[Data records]

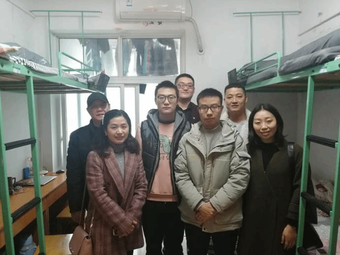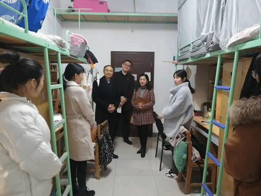 首先,学院领导和老师一行来到南湖8栋学生宿舍。段科长和印老师就南湖寝室的作息时间、学生寝室的各项管理制度等情况向院领导做了详细的介绍。学院领导走进308寝室,亲切地与同学们交谈。“你们本科是哪所大学的呀?”“每天上课通行方便吗?”“到这边生活还习惯吗?”麻旎副书记亲切地询问同学们的学习和生活状况,同学们也就寝室周边环境、安全等问题提出困惑和想法,保卫处段科长和印老师为同学们一一解答。走进309寝室,三位阳光开朗的男同学正在认真学习法语,整个寝室干净整洁、学习氛围浓厚。充分展现了外国语学院研究生阳光向上的精神风貌。
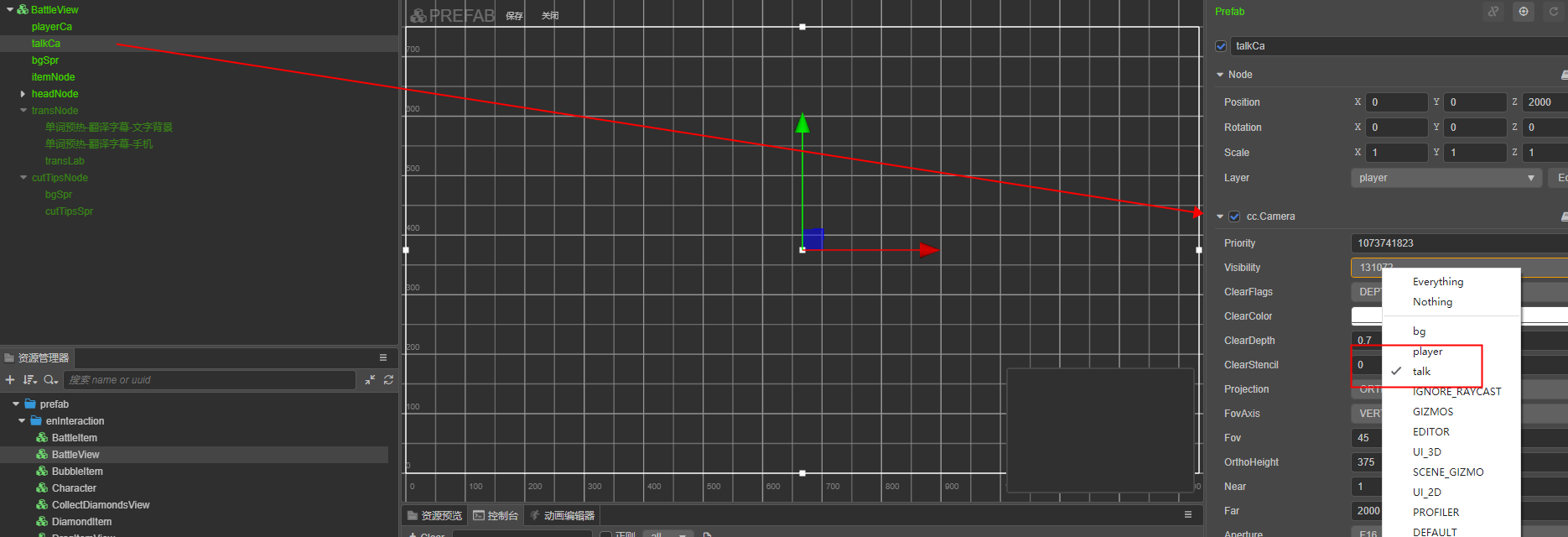 一共有2个摄像机,my层节点一直在my的摄像机下,可以看得到,就是点击不了,有解决方案吗
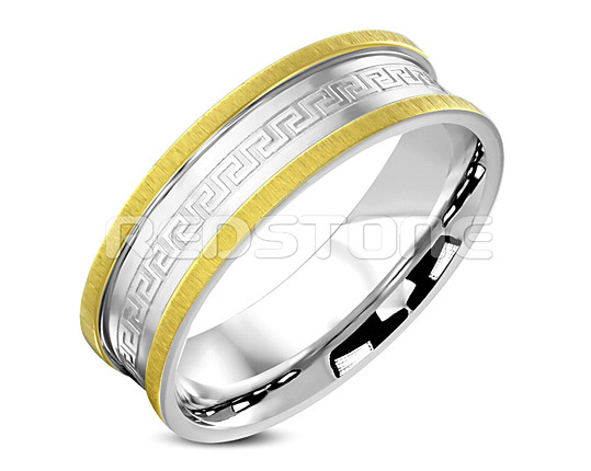 Prsteň z chirurgickej ocele s pozlatenými krajmi prsteňa. Šperk z chirurgickej ocele v lesklom prevedení. Šírka: 7 mm
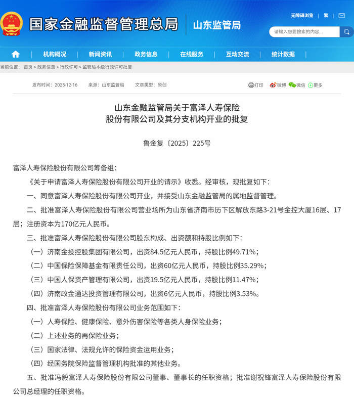 批复内容透露,富泽人寿股东结构呈现出“地方国资+行业保障基金+大型险企”的特点。
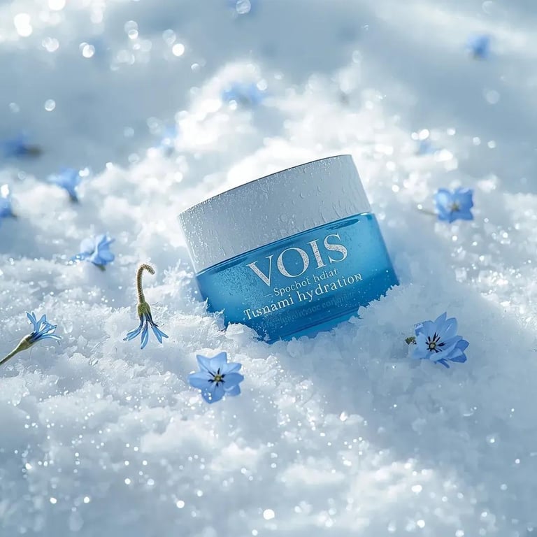 A detailed prompt for generating a photorealistic, high-end commercial image of a blue cosmetic cream jar partially embedded in fresh, icy snow, emphasizing hydration and cold atmosphere with specific camera and lighting settings.
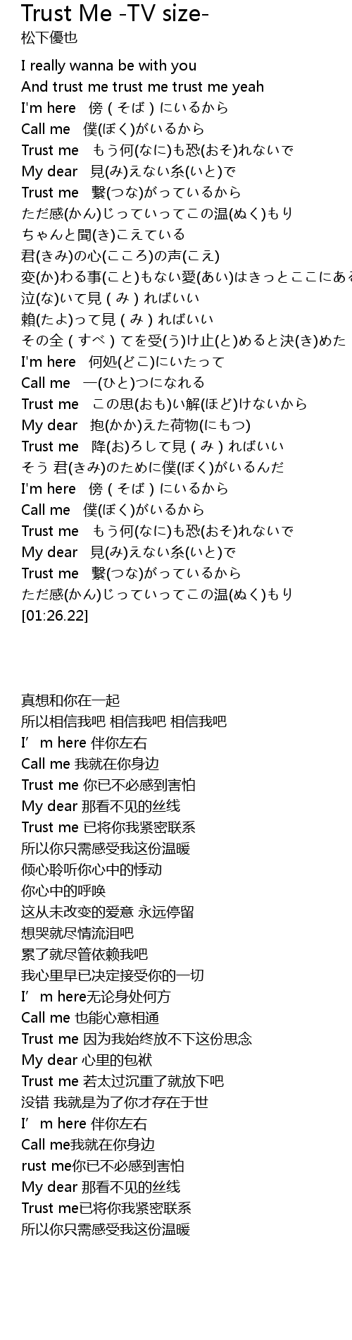 | [01:19.36] | Trust me 繋(つな)がっているから |
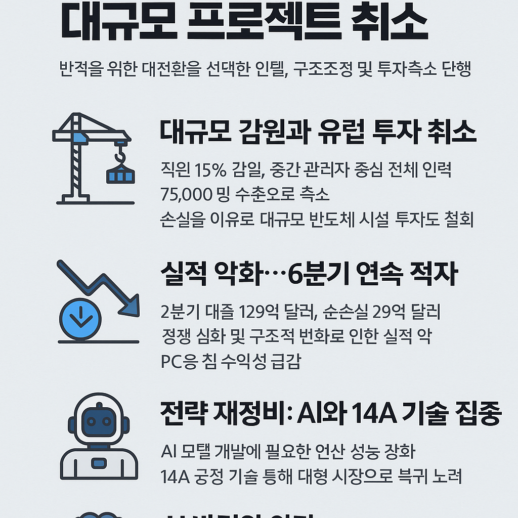 인텔은 전 세계 반도체 시장에서의 부진을 반전시키기 위해 뼈를 깎는 구조조정에 나섰습니다. 그 핵심은 직원 15% 감원과 수십조 원 규모의 신규 투자 계획 취소입니다. 이번 결정은 단순한 비용 절감 차원을 넘어, 인텔의 전략 전환을 상징하는 조치로 평가받고 있습니다.
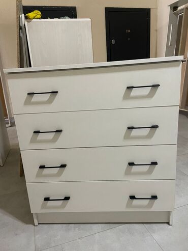 - Комод на 4 выдвижных ящика. Корпус и фасады — белые, лаконичный современный дизайн. Удобные матовые черные ручки, плавное скольжение ящиков. Компактная глубина — удобно для небольших помещений.
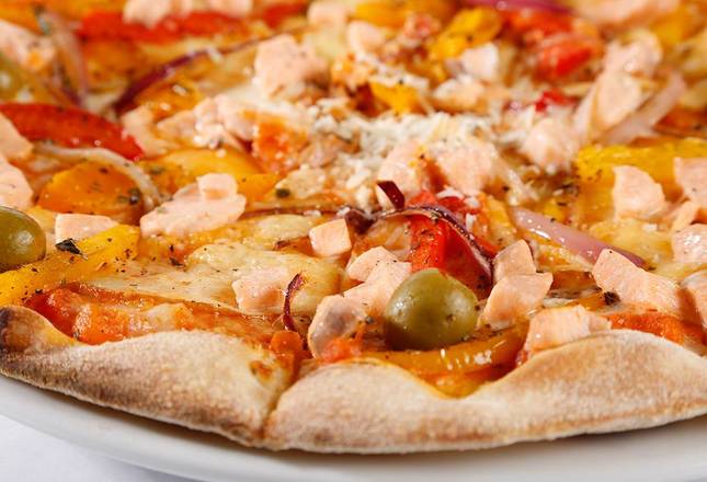 Pizza con salsa napolitana con quesos mozzarella y provolone ahumado, pimientos y cebolla morada rostizadas, 85 gramos en cubos de salmón, queso parmesano y aceitunas de 27 cm.
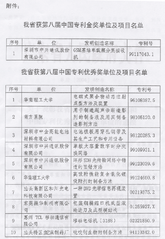 中國(guó)專利優(yōu)秀獎(jiǎng)企事業(yè)單位的通報(bào)
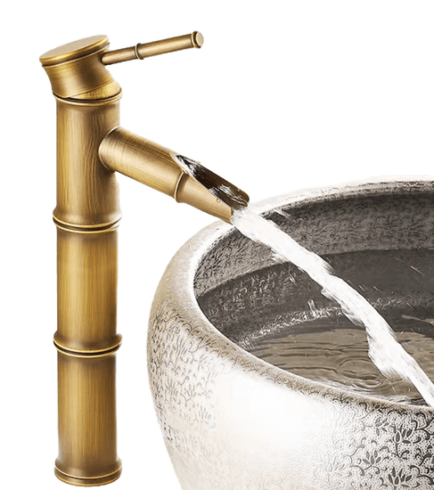 Tavalax Retro bambus miješalica za umivaonik s efektom vodopada – brončana završna obrada
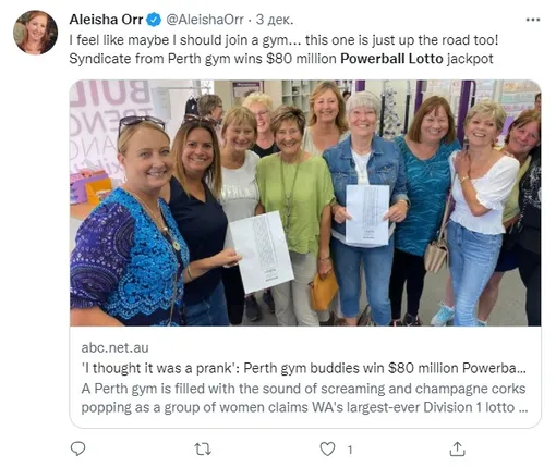 55 женщин, которые ходят в тренажерный спортзал в Белдоне (пригород Перта в Австралии), празднуют крупную победу. Они сорвали джекпот Powerball Lotto в размере $80 миллионов. Об этом пишет ABC News.
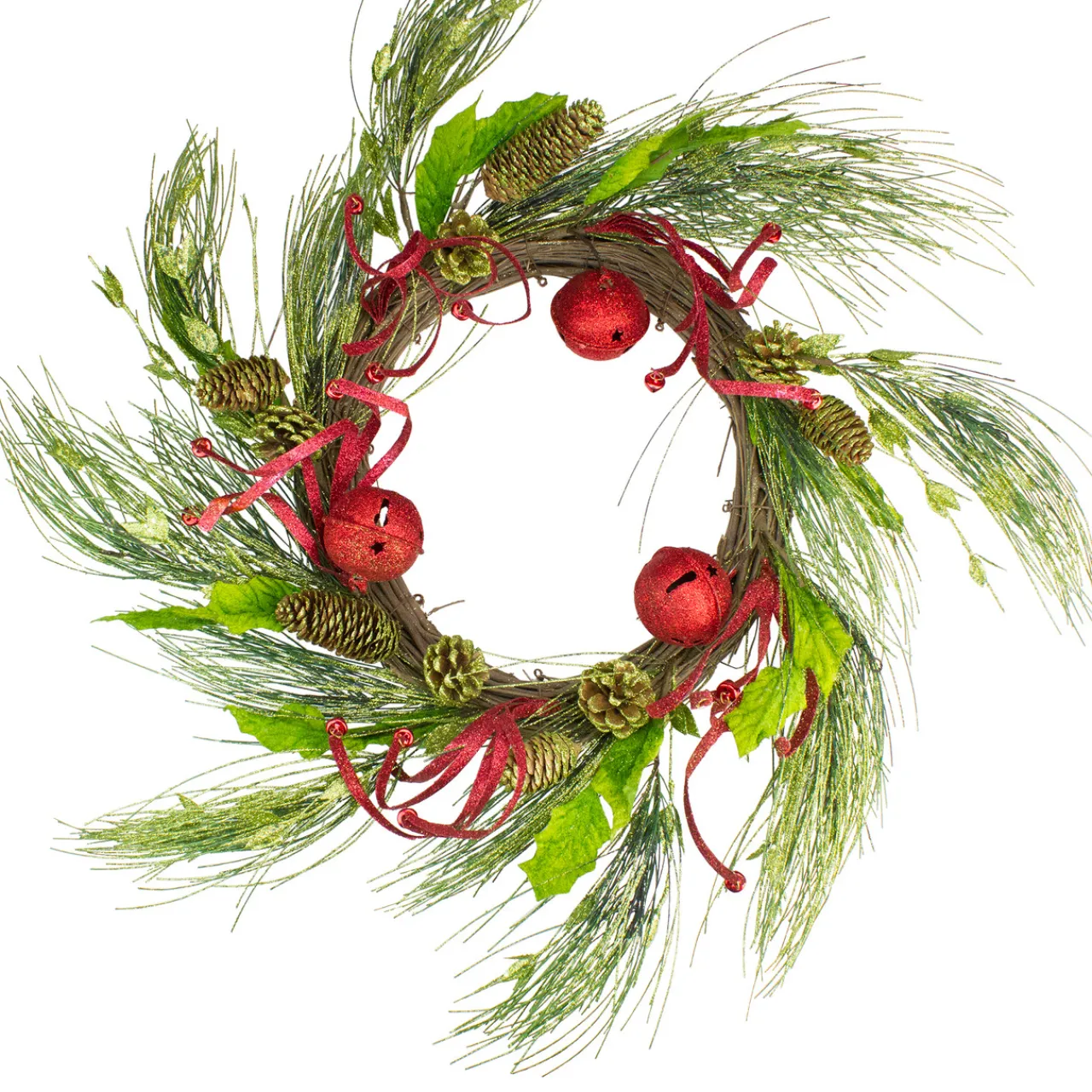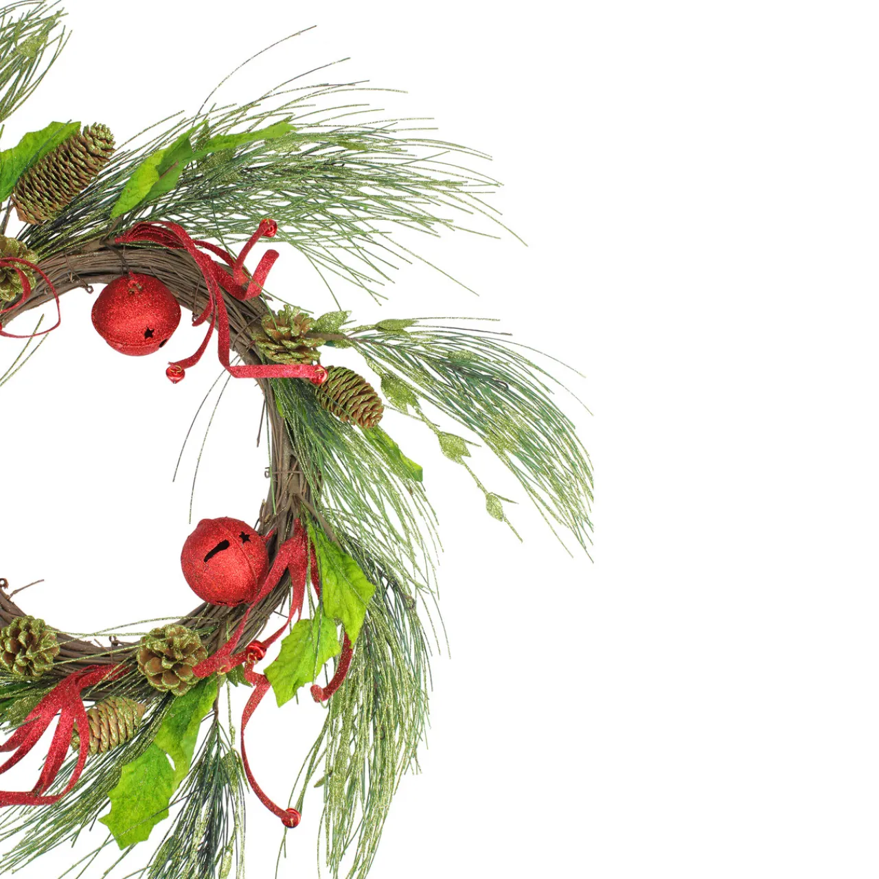 - Unlit Christmas Red And Green Jingle Bell Glitter Artificial Wreath

◆ **What you have to do**
Leave out the pictures and repeat exactly the lines from the first line of the data through the line containing "一共有2个摄像机,my层节点". Add nothing else.

◆ **The completed task**
 首先,学院领导和老师一行来到南湖8栋学生宿舍。段科长和印老师就南湖寝室的作息时间、学生寝室的各项管理制度等情况向院领导做了详细的介绍。学院领导走进308寝室,亲切地与同学们交谈。“你们本科是哪所大学的呀?”“每天上课通行方便吗?”“到这边生活还习惯吗?”麻旎副书记亲切地询问同学们的学习和生活状况,同学们也就寝室周边环境、安全等问题提出困惑和想法,保卫处段科长和印老师为同学们一一解答。走进309寝室,三位阳光开朗的男同学正在认真学习法语,整个寝室干净整洁、学习氛围浓厚。充分展现了外国语学院研究生阳光向上的精神风貌。
 一共有2个摄像机,my层节点一直在my的摄像机下,可以看得到,就是点击不了,有解决方案吗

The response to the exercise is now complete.